* [DIRECTIONS FOR THIS TASK]: Without including any images, set down the records below exactly.

* [DATA TO PROCESS]:
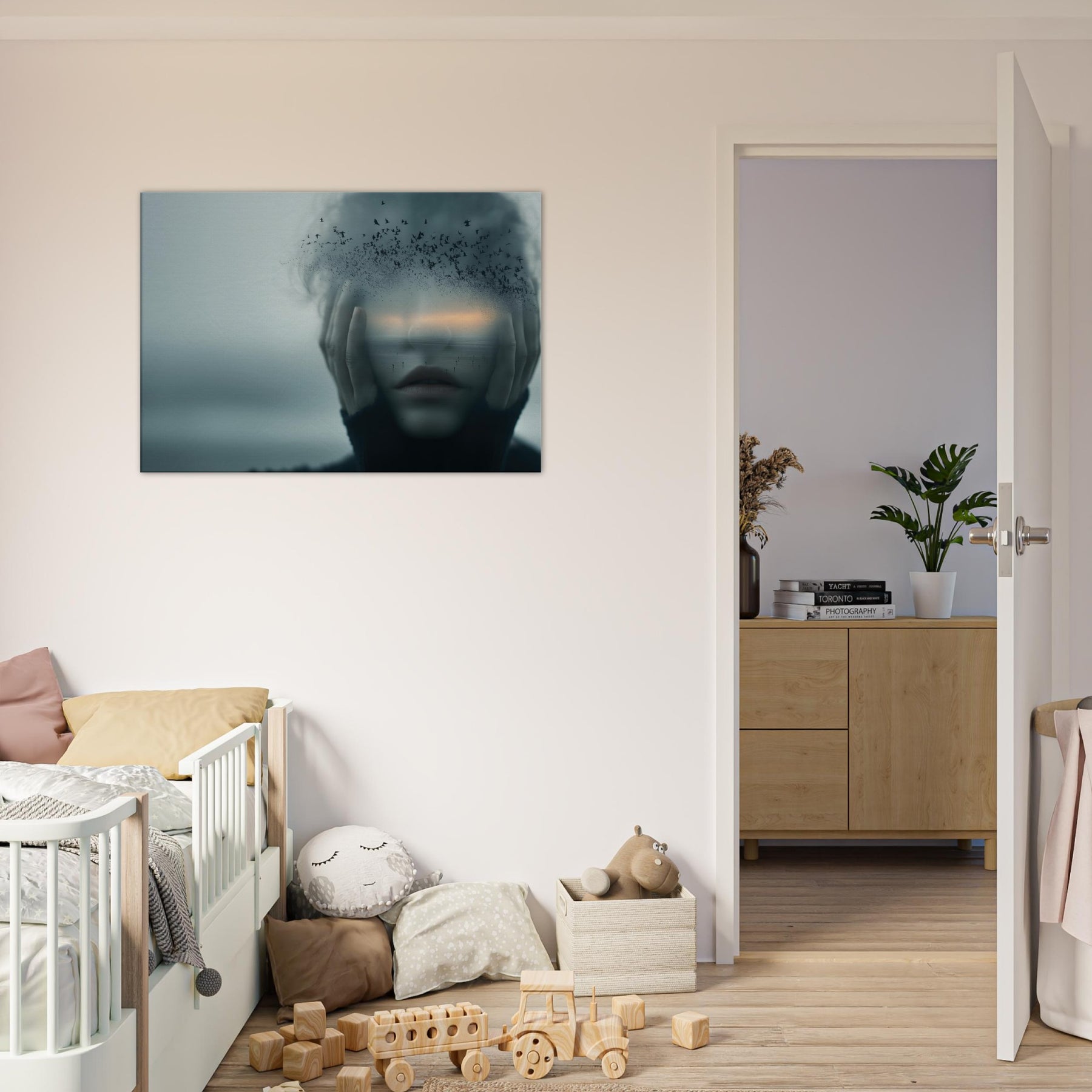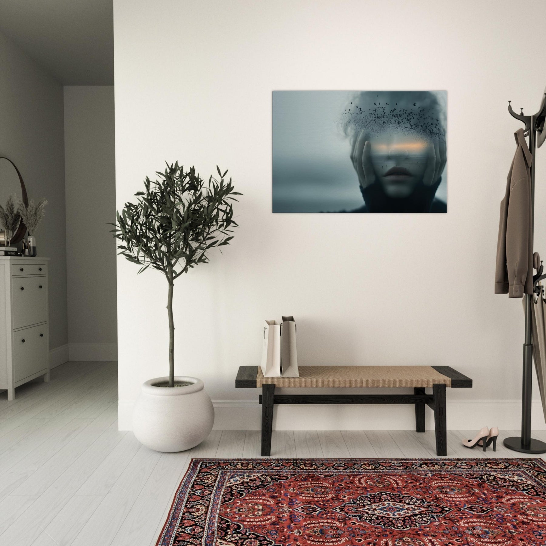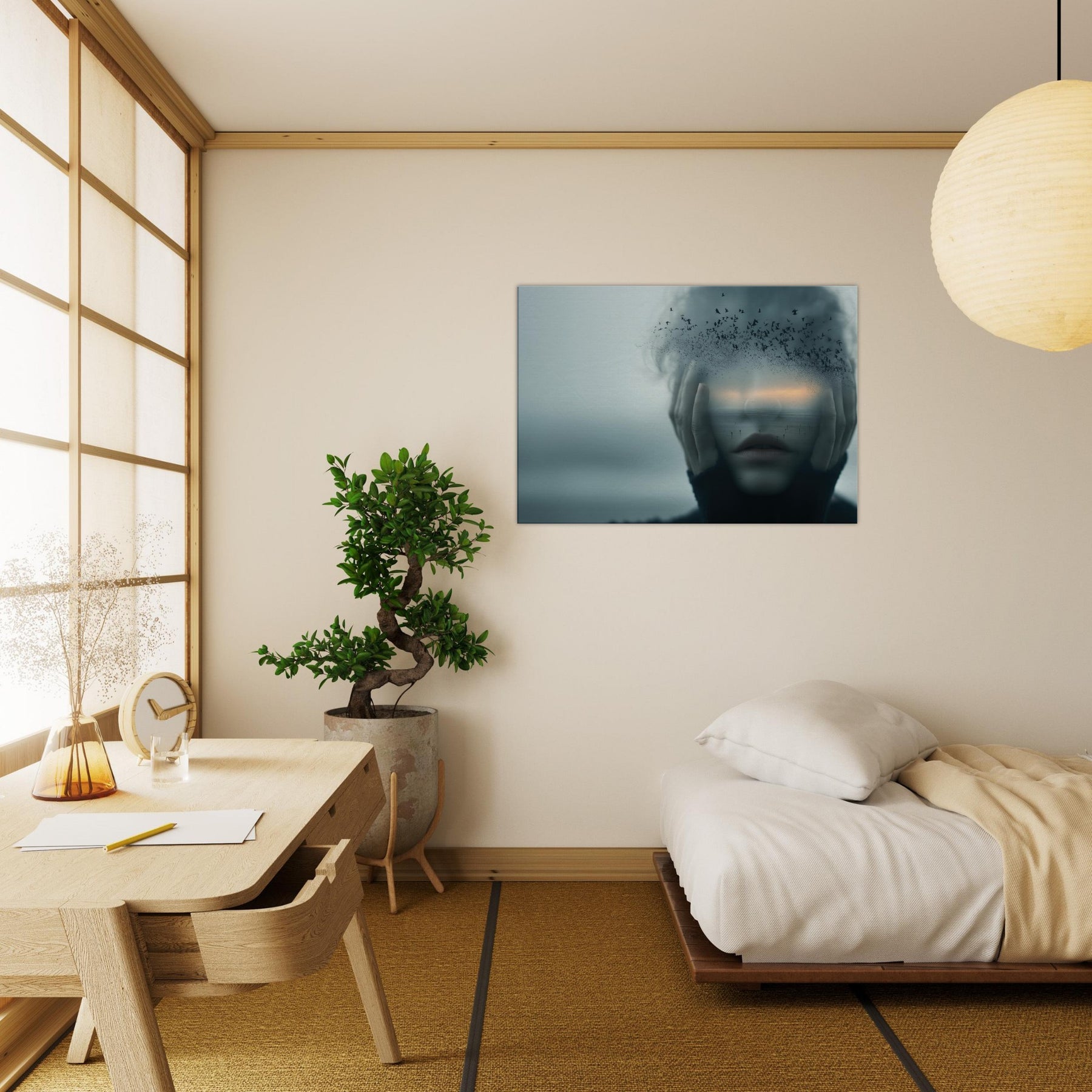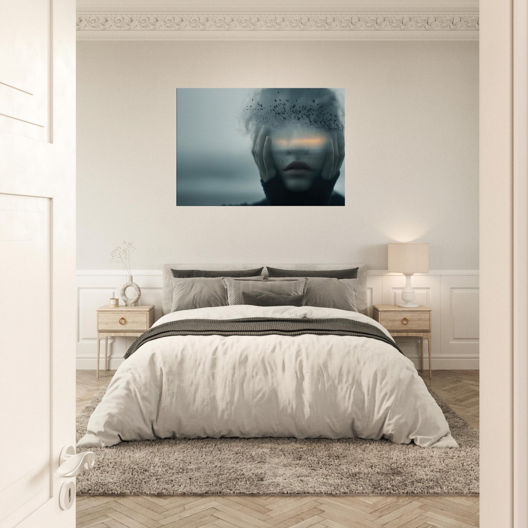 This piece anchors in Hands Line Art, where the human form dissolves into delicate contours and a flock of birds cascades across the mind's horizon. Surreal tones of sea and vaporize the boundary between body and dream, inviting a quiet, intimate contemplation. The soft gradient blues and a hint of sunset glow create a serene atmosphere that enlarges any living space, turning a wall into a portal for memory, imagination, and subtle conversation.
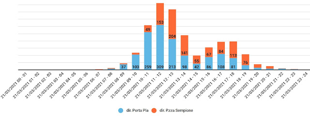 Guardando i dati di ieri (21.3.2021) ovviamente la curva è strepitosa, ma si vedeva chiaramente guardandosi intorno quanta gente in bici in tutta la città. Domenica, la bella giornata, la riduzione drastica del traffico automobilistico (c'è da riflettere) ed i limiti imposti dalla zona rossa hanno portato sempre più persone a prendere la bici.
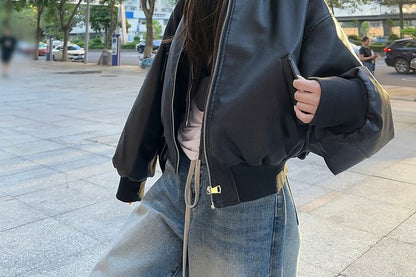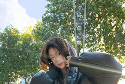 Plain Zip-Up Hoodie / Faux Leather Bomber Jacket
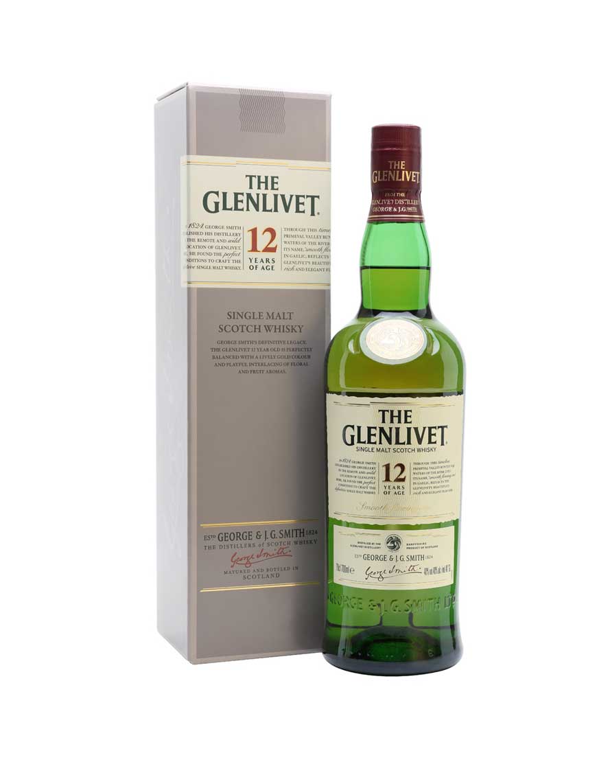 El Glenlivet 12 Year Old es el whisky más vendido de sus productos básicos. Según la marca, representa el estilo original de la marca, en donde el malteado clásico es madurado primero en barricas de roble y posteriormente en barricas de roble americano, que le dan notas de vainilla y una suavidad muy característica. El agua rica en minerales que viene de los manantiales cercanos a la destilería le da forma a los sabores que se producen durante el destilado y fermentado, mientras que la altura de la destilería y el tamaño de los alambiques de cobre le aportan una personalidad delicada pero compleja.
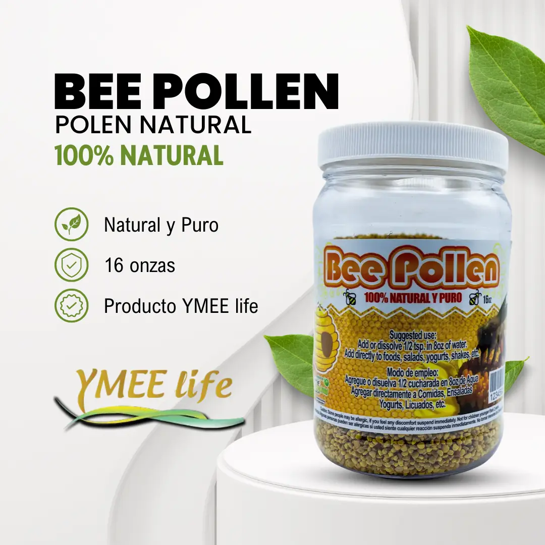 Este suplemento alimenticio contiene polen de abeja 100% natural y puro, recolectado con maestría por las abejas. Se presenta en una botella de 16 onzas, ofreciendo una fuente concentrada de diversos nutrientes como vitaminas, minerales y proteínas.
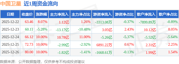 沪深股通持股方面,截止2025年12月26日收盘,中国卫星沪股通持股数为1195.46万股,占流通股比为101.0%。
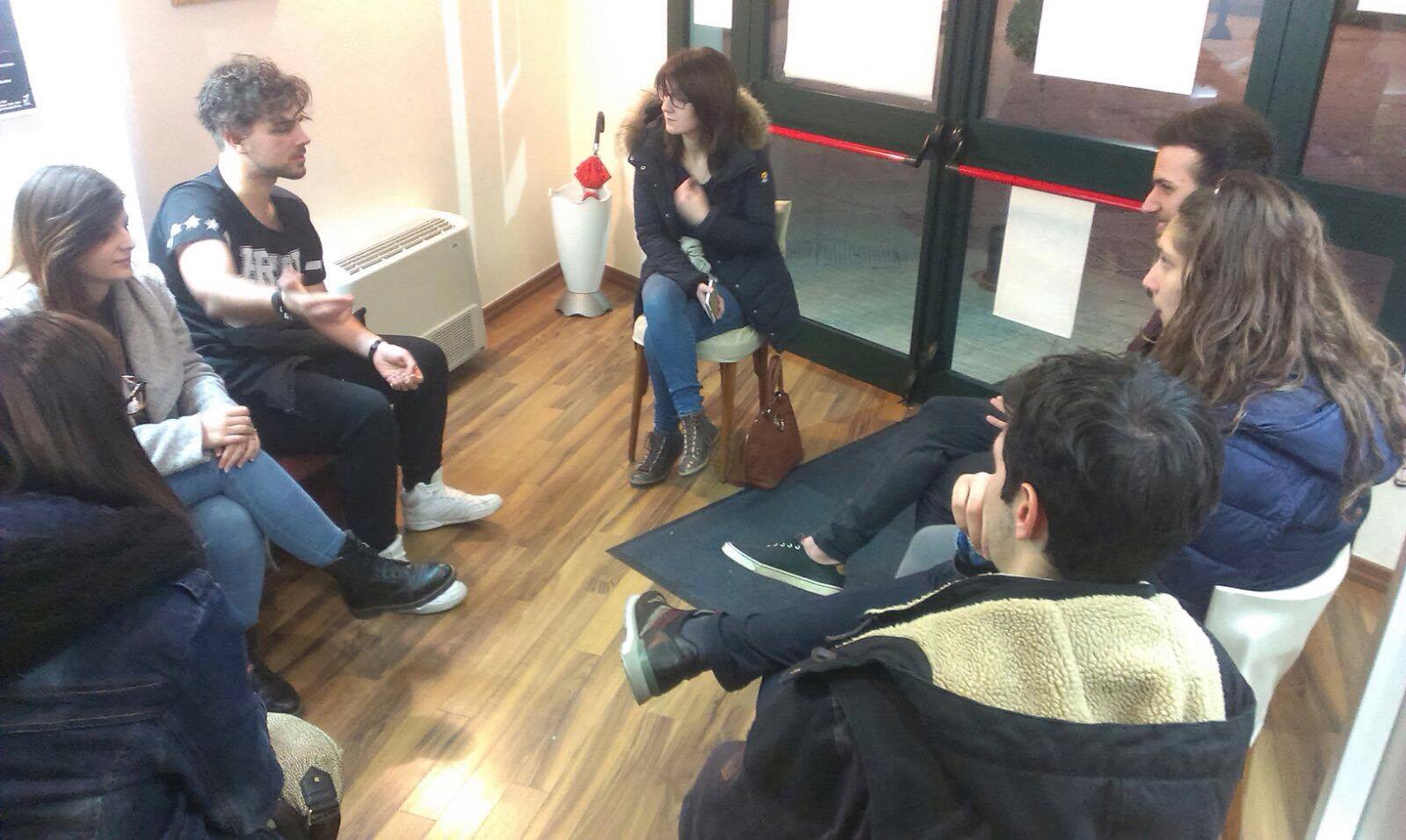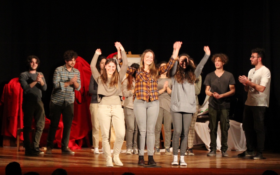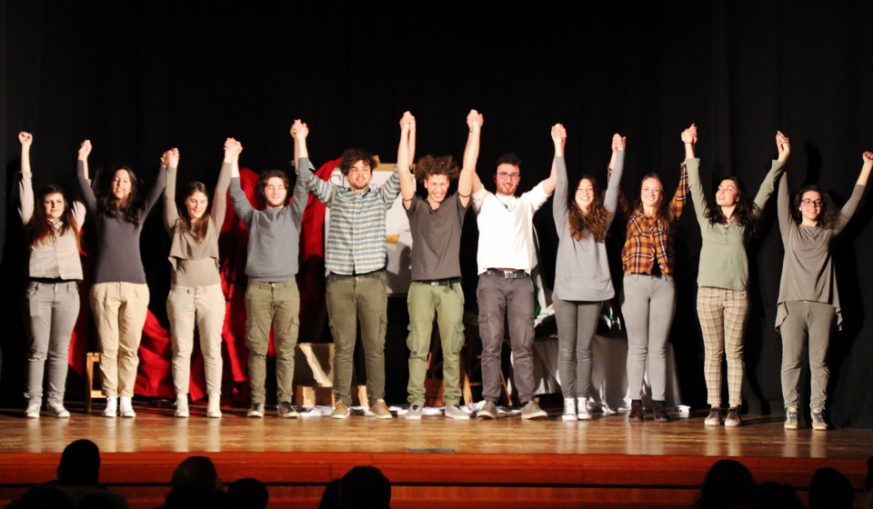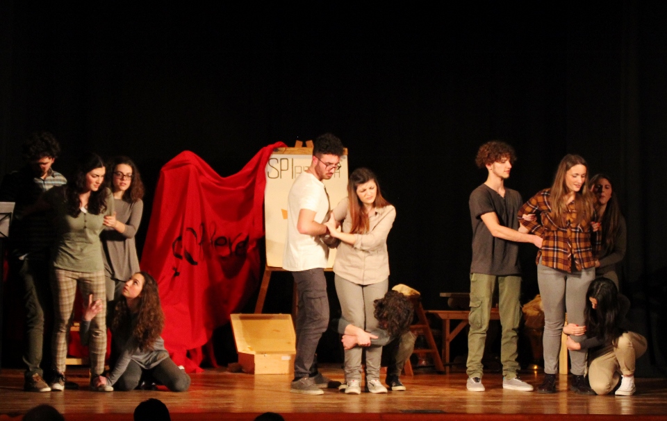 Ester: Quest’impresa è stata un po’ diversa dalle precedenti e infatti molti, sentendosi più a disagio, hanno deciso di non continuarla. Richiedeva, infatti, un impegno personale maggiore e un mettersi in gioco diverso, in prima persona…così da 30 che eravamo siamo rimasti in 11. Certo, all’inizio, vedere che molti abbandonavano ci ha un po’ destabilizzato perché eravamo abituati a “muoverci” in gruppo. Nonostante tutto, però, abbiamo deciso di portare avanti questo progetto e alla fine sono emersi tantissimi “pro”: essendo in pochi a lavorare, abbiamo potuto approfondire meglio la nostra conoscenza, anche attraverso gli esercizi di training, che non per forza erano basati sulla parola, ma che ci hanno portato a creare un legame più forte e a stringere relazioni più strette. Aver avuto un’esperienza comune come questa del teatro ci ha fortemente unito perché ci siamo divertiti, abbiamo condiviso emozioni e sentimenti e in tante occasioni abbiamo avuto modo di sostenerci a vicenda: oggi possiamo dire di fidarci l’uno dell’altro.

* [SOLUTION FOR THIS PROBLEM]:
 This piece anchors in Hands Line Art, where the human form dissolves into delicate contours and a flock of birds cascades across the mind's horizon. Surreal tones of sea and vaporize the boundary between body and dream, inviting a quiet, intimate contemplation. The soft gradient blues and a hint of sunset glow create a serene atmosphere that enlarges any living space, turning a wall into a portal for memory, imagination, and subtle conversation.
 Guardando i dati di ieri (21.3.2021) ovviamente la curva è strepitosa, ma si vedeva chiaramente guardandosi intorno quanta gente in bici in tutta la città. Domenica, la bella giornata, la riduzione drastica del traffico automobilistico (c'è da riflettere) ed i limiti imposti dalla zona rossa hanno portato sempre più persone a prendere la bici.
 Plain Zip-Up Hoodie / Faux Leather Bomber Jacket
 El Glenlivet 12 Year Old es el whisky más vendido de sus productos básicos. Según la marca, representa el estilo original de la marca, en donde el malteado clásico es madurado primero en barricas de roble y posteriormente en barricas de roble americano, que le dan notas de vainilla y una suavidad muy característica. El agua rica en minerales que viene de los manantiales cercanos a la destilería le da forma a los sabores que se producen durante el destilado y fermentado, mientras que la altura de la destilería y el tamaño de los alambiques de cobre le aportan una personalidad delicada pero compleja.
 Este suplemento alimenticio contiene polen de abeja 100% natural y puro, recolectado con maestría por las abejas. Se presenta en una botella de 16 onzas, ofreciendo una fuente concentrada de diversos nutrientes como vitaminas, minerales y proteínas.
 沪深股通持股方面,截止2025年12月26日收盘,中国卫星沪股通持股数为1195.46万股,占流通股比为101.0%。
 Ester: Quest’impresa è stata un po’ diversa dalle precedenti e infatti molti, sentendosi più a disagio, hanno deciso di non continuarla. Richiedeva, infatti, un impegno personale maggiore e un mettersi in gioco diverso, in prima persona…così da 30 che eravamo siamo rimasti in 11. Certo, all’inizio, vedere che molti abbandonavano ci ha un po’ destabilizzato perché eravamo abituati a “muoverci” in gruppo. Nonostante tutto, però, abbiamo deciso di portare avanti questo progetto e alla fine sono emersi tantissimi “pro”: essendo in pochi a lavorare, abbiamo potuto approfondire meglio la nostra conoscenza, anche attraverso gli esercizi di training, che non per forza erano basati sulla parola, ma che ci hanno portato a creare un legame più forte e a stringere relazioni più strette. Aver avuto un’esperienza comune come questa del teatro ci ha fortemente unito perché ci siamo divertiti, abbiamo condiviso emozioni e sentimenti e in tante occasioni abbiamo avuto modo di sostenerci a vicenda: oggi possiamo dire di fidarci l’uno dell’altro.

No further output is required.